Письмо это имело продолжение. Верный Золя понял, что его просят начать новую кампанию в защиту друзей-художников. Он не просто опубликовал письмо Моне и Ренуара, но и возобновил полемику о судьбах живописи ровно с того самого места, на каком закончил её 14 лет назад. И хотя его представления о живописи оставались такими же путаными, как и прежде, слово его приобрело совершенно иной вес. Золя опубликовал в «Ле Вольтер» серию из четырёх пространных статей под общим названием «Натурализм в Салоне». Надо заметить, что он со своими откровениями не оправдал тех надежд, что возлагали на него художники. Первую из статей, напечатанных во второй половине июня 1880 года, Золя начал с вдохновенной защиты импрессионистов:
«Их считают насмешниками и шарлатанами, издевающимися над публикой и специально поднимающими шумиху вокруг своих произведений, тогда как они, напротив, являются строгими и последовательными наблюдателями жизни. Мне кажется, мало кто знает, что большинство этих борющихся за свои права художников люди бедные, едва не погибающие от непосильного труда, нужды и усталости. Довольно странные они насмешники, эти мученики своей веры!»

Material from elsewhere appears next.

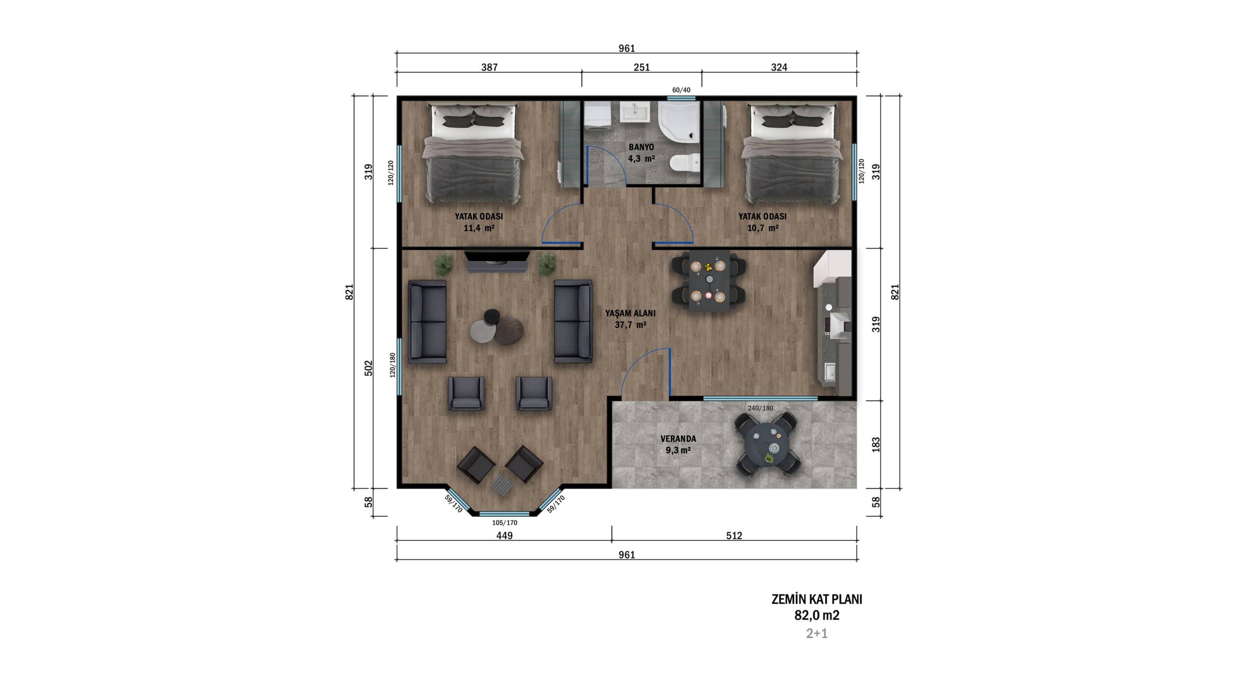 Modern mimariye sahip 82 m² prefabrik yapımız, yüksek dayanıklılık ve hızlı kurulum avantajı sunar. Depreme karşı güvenli, enerji verimliliği yüksek ve uzun ömürlü bu konut, hem şehir içi hem de kırsal alanlarda konforlu bir yaşam alanı sağlar. Estetik tasarımıyla öne çıkan yapımız, fonksiyonel iç planlaması sayesinde her metrekareyi verimli kullanır.

Такое вот восхваление, очень в духе Золя. Но автор романа «Нана» тут же принялся делать оговорки. На его взгляд, последняя выставка импрессионистов сослужила им плохую службу. Нет сомнений, что импрессионизм — это передовой отряд современной живописи, та «подымающаяся волна модернизма, которую не остановить, которая мало-помалу подмывает Школу изящных искусств, Академию, все их приёмы и все их условности». В общем, разве можно в век железных дорог рисовать так же, как в эпоху Людовика XIV? Но при этом не является ли ошибкой проведение подобных групповых выставок? Не позволяют ли они разным посредственным художникам просачиваться в образовавшуюся брешь? И напоследок, in cauda venenum[176], убийственное замечание: «К великому несчастью, ни один из художников этой группы не сумел мощно и неопровержимо воплотить в своих произведениях новые истины, которые только начинают обретать в их творчестве более-менее чёткие формы». А далее напрашивается мысль: то, к чему импрессионизм ещё только стремится, натурализм уже нашёл благодаря ему, Золя. И он продолжает: «Эти новые истины неоспоримы, но нигде, ни у одного из них мы не видим их воплощения в жизнь уверенной рукой мастера. Все эти художники лишь предвестники будущего, гения среди них нет, он ещё не родился. Всем понятно, чего они добиваются, и их право на это никто не оспаривает, но тщетно мы будем искать среди их работ шедевр, который бы зримо утвердил их истину и заставил бы склонить перед ней голову Так что борьба импрессионистов пока не принесла ожидаемых результатов, их творения не доросли до уровня их притязаний, они всё что-то лепечут и никак не могут найти нужные слова»[177]. Посыл понятен: у импрессионистов нет лидера, нет своего гения; если бы он имелся, успех у публики им был бы обеспечен, пример тому — он сам и его романы.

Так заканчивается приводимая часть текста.